The equations of motion will be derived by determining the Lagrangian
\(L=T-V\) with the two generalized coordinates \(\varphi_1\) and
\(\varphi_2\) where \(T\) represents the total kinetic energy
while \(V\) is the potential energy of the system. This potential
energy is just
(1)\[V=-g\left((m_1+m_2)l_1\cos(\varphi_1)+m_2l_2\cos(\varphi_2)\right)\label{equ_dp_potential_energy}\]
with \(m_1\) and \(m_2\) representing the masses of the two bobs
mounted on the tips of the two pendulum rods (which are assumed as being
weightless).
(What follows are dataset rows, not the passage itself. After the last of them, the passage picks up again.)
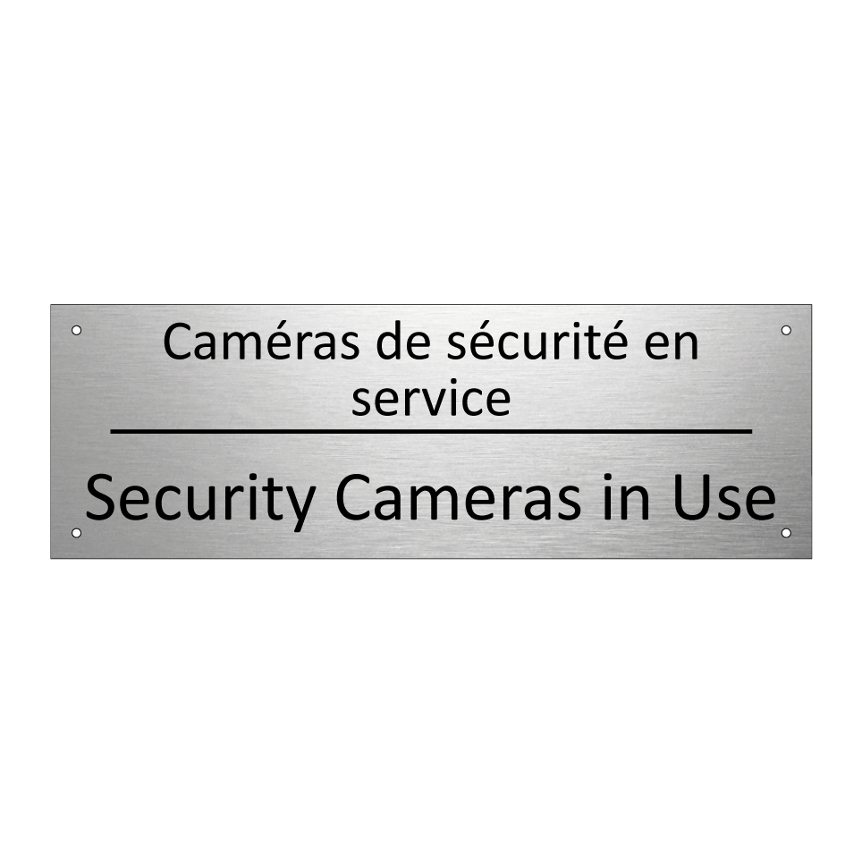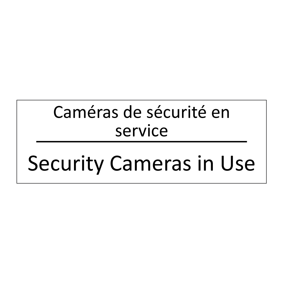 Panneau d'information avec le texte Caméras de sécurité en service|Security Cameras in Use en français et en anglais.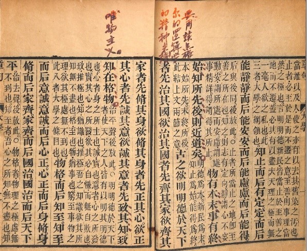 《監本四書》 清直隸官書局刊本 十九卷 1函6冊 (宋)朱熹集 竹紙 線裝 半框17.3×13.7。牌記:光緒乙巳年正月直隸官書局刊。鈐印:陳康白印,並有陳康白圈點批註。是書內收儒家經典《大學》、《中庸》一冊,《論語》十卷二冊,《孟子》七卷三冊。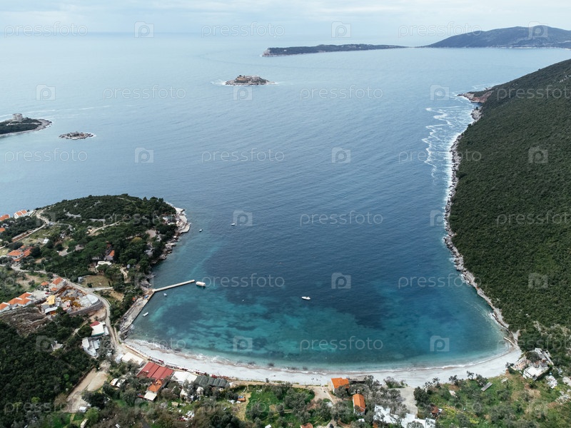 Вид с воздуха прибрежной деревни и бирюзового пляжа в Черногории, окруженный холмами и зелени. c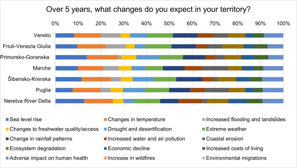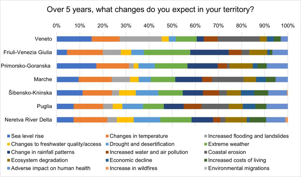 Results are presented for each pilot area and specifically show that local stakeholders are aware of the current climatic crisis and of the role of human activities in determining the effects. Citizensin each pilot area agree that the main effect of climate change will be changes in temperature, while Public Authorities also consider significant (i) extreme weather, (ii) sea level rise, (iii) increased flooding and landslides and coastal erosion.
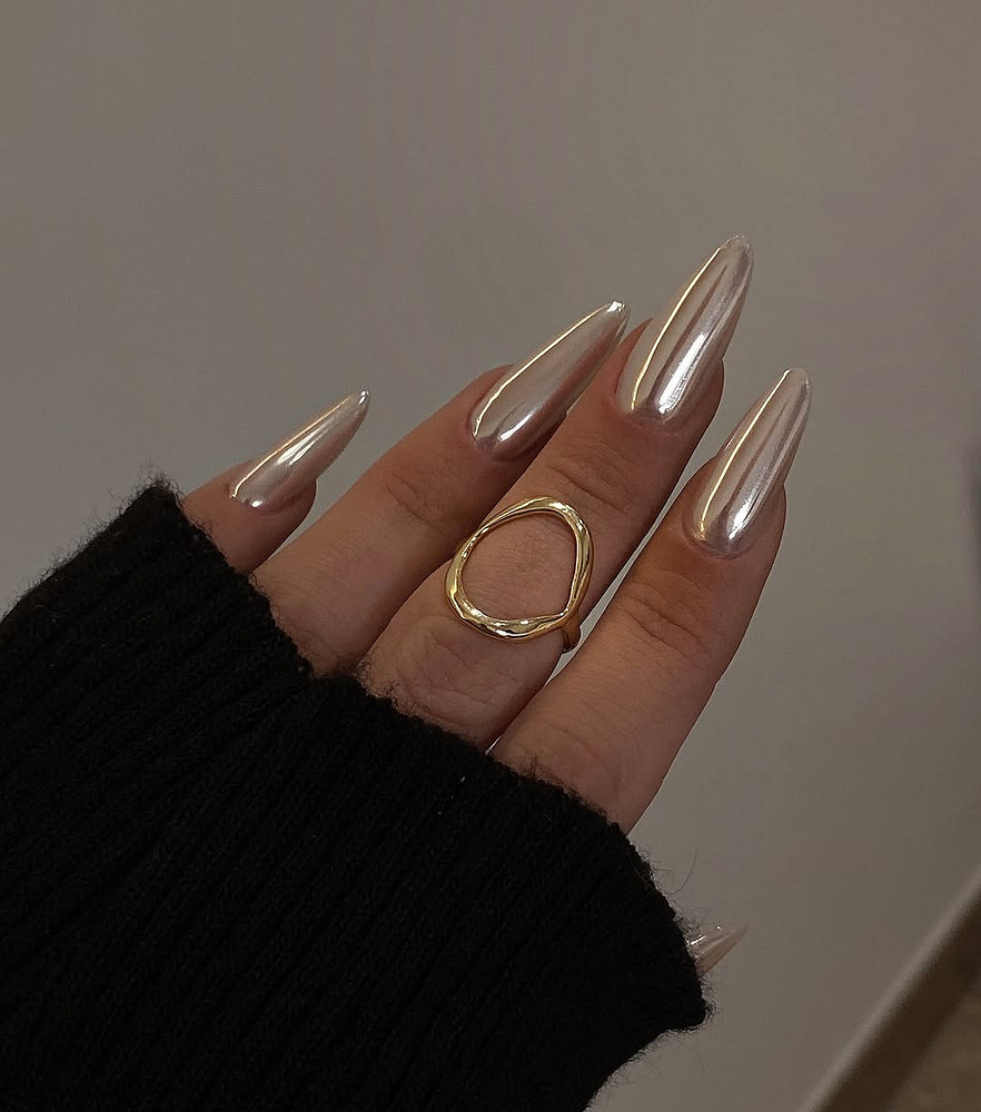 Также в тренды к декабрю уверенно выходит желтый с металлическим финишем. Это когда покрытие выглядит так, будто ногти сделаны из полированного золота — очень футуристично и дорого. И да, желтый отлично сочетается с красным и коричневым, так что можешь смело миксовать цвета на разных пальцах. Твоя задача — сиять, а не прятаться.

As always, \(g\) represents the gravitational
acceleration.
To derive the total kinetic energy the positions of the pendulum arm
tips \((x_1,y_1)\) and \((x_2,y_2)\) are required:
\[\begin{split}\begin{aligned}
x_1&=l_1\sin(\varphi_1)\\
y_1&=l_1\cos(\varphi_1)\\
x_2&=l_1\sin(\varphi_1)+l_2\sin(\varphi_2)\\
y_2&=l_1\cos(\varphi_1)+l_2\cos(\varphi_2)
\end{aligned}\end{split}\]
The first derivatives of these with respect to time are
\[\begin{split}\begin{aligned}
\dot{x}_1&=\dot{\varphi}_1l_1\cos(\varphi_1),\\
\dot{y}_1&=-\dot{\varphi}_1l_1\sin(\varphi_1),\\
\dot{x}_2&=\dot{\varphi}_1l_1\cos(\varphi_1)+\dot{\varphi}_2l_2\cos(\varphi_2)\text{~and}\\
\dot{y}_2&=-\dot{\varphi}_1l_1\sin(\varphi_1)-\dot{\varphi}_2l_2\sin{\varphi_2}.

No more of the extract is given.